# Sanding scratches seen through painted cabinets



## tide88 (Mar 18, 2008)

I am spraying some cabinets for a friend who is trying to pick up a contract to do a bunch of kitchen cabinets. He use to just faux but is expanding to do more painting because the faux trend is on the way out. Anyway, I had sprayed a coat of XIM over the cabinets and he came in and sanded them with 220 grit, even though I told him to just lightly sand them with 300. I put a coat of Proclassic oil after he sanded them down and the scatches from his sanding are visable. Are there any tips out there that anyone could share that would get rid of those scratches. I am looking to get the finish perfect for him. If he gets the contract, I get a cut. I need to have the finish coat completely smooth like it looks like it came straight from the factory. I am spraying them with my titan sprayer. Also, I have not cut the oil with anything, should I cut it with laquer? Thanks


----------



## bikerboy (Sep 16, 2007)

If you are a glutton for punishment you can wet sand them with 600 grit.


----------



## straight_lines (Oct 17, 2007)

Skim with a filler, or spray a high build primer and sand it down. You using blocks? 

I would choose the high build method. Much faster.


----------



## vermontpainter (Dec 24, 2007)

faux is on its way out? Did not know this.


----------



## bwpainting (Jun 1, 2011)

Faux is not on the way out. We have been doing a ton lately...maybe all the old school granny sponge techniques are out with the wallpaper... Raised stencils, foil transfers, textured finishes are full on in style for our clients and a great way to separate yourself from your competition!


----------



## OraarO (Oct 19, 2007)

I have had great luck with S-W "Easy Sand" Primer.

Oil based, sprays thick and levels nicely. It sands almost like drywall compound.

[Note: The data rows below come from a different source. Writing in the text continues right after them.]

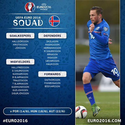 واختار السويدي لارس لاغرباك، مدرب منتخب إيسلندا، التشكيلة التالية لخوض نهائيات كأس أوروبا 2016: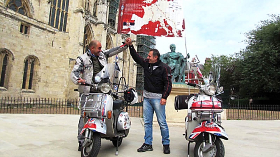 Vožnja vespom ulicama večnog grada Rima ali i impozantni spomenik caru Konstantinu u Jorku najači su utisci dvojice Nišlija, Dejana Tonića i Aleksandara Đorđevića, sa tronedeljnog putovanja Evropom tokom kojeg su, na svojim vespama iz osamdesetih godina, posetili najznačajnije gradove vezena za ime Konstantina Velikog.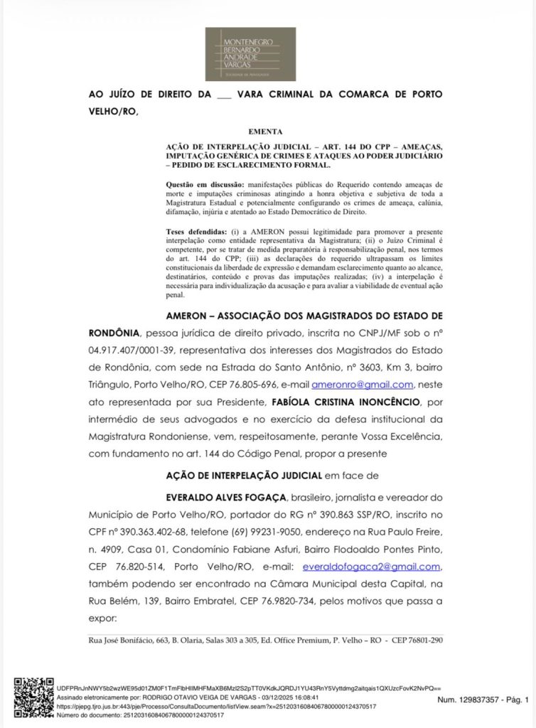 A Associação dos Magistrados de Rondônia move uma ação contra Everaldo Fogaça. Ele disse que que ‘no TJ só tem bandido e corrupto’ e que ‘não salva um juiz’.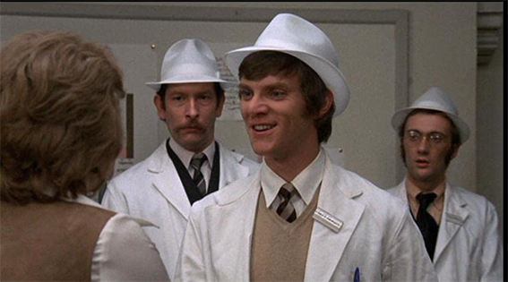 The central character played by McDowell, carries on from If …. as Mick Travis. The cast take multiple roles. Several of them had appeared in If … and they appear to reflect that in their new characters, so that Peter Jeffrey, the headmaster in If …. is always an authority figure, first the factory chairman then the prison governor. Geoffrey Chater, the militaristic chaplain in If … plays a bishop, then a vicar. Mona Washbourne, the matron in If … plays the hospital sister. Graham Crowden, the eccentric history master becomes the crazed scientist Professor Millar then the suicidal Professor Stewart. Ben Aris, the inept new teacher joins Travis as a salesman. Christine Noonan who was “the girl” in If …. appears twice, once on the coffee production line, and once in the strip club scene. Mary MacLeod, Mrs Kemp, the housemaster’s wife in If …. who likes to walk naked through empty dormitories, becomes the randy landlady Mrs Ball, then the breastfeeding vicar’s wife. Arthur Lowe, as Mr Kemp, the housemaster in if …. starts in a similar role in the factory then … well, see the plot summary.

Powders easily and leaves a great surface to spray a coat of paint that looks like glass.







:thumbup:


----------



## bwpainting (Jun 1, 2011)

Wet sand


----------



## Gotdibz (Sep 30, 2010)

you guys recommend any other easy sand oil base primers for cabinets? 

how about something like zinsser Odorless ?


----------



## BreatheEasyHP (Apr 24, 2011)

I'm no expert in this matter, but I like the way Zinnser Smart Prime sands down. It's not high-build, though.


----------



## jack pauhl (Nov 10, 2008)

Gotdibz said:


> you guys recommend any other easy sand oil base primers for cabinets?
> 
> how about something like zinsser Odorless ?


Sands easier than cover stain.


----------